_Exercise brief:_ Reprint the lines below as they are, minus the pictures.

_Supplied material:_
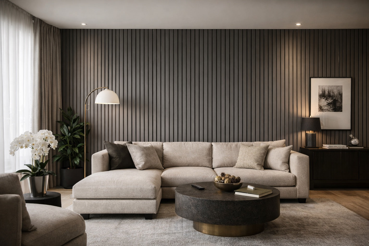 Wide Slat Wood Wall Panels provide a fast, refined solution for transforming interiors with a modern architectural finish. Designed for contractors, builders, and designers, these panels are crafted from raw MDF and supplied unfinished, allowing for on-site priming and painting to achieve precise color matching for any project.
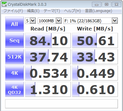 無線LAN付属の子機で接続し速度テスト行ってみたところ
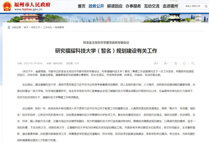 據(jù)福州市政府網(wǎng)站消息:

_Solution to this problem:_
 Wide Slat Wood Wall Panels provide a fast, refined solution for transforming interiors with a modern architectural finish. Designed for contractors, builders, and designers, these panels are crafted from raw MDF and supplied unfinished, allowing for on-site priming and painting to achieve precise color matching for any project.
 無線LAN付属の子機で接続し速度テスト行ってみたところ
 據(jù)福州市政府網(wǎng)站消息:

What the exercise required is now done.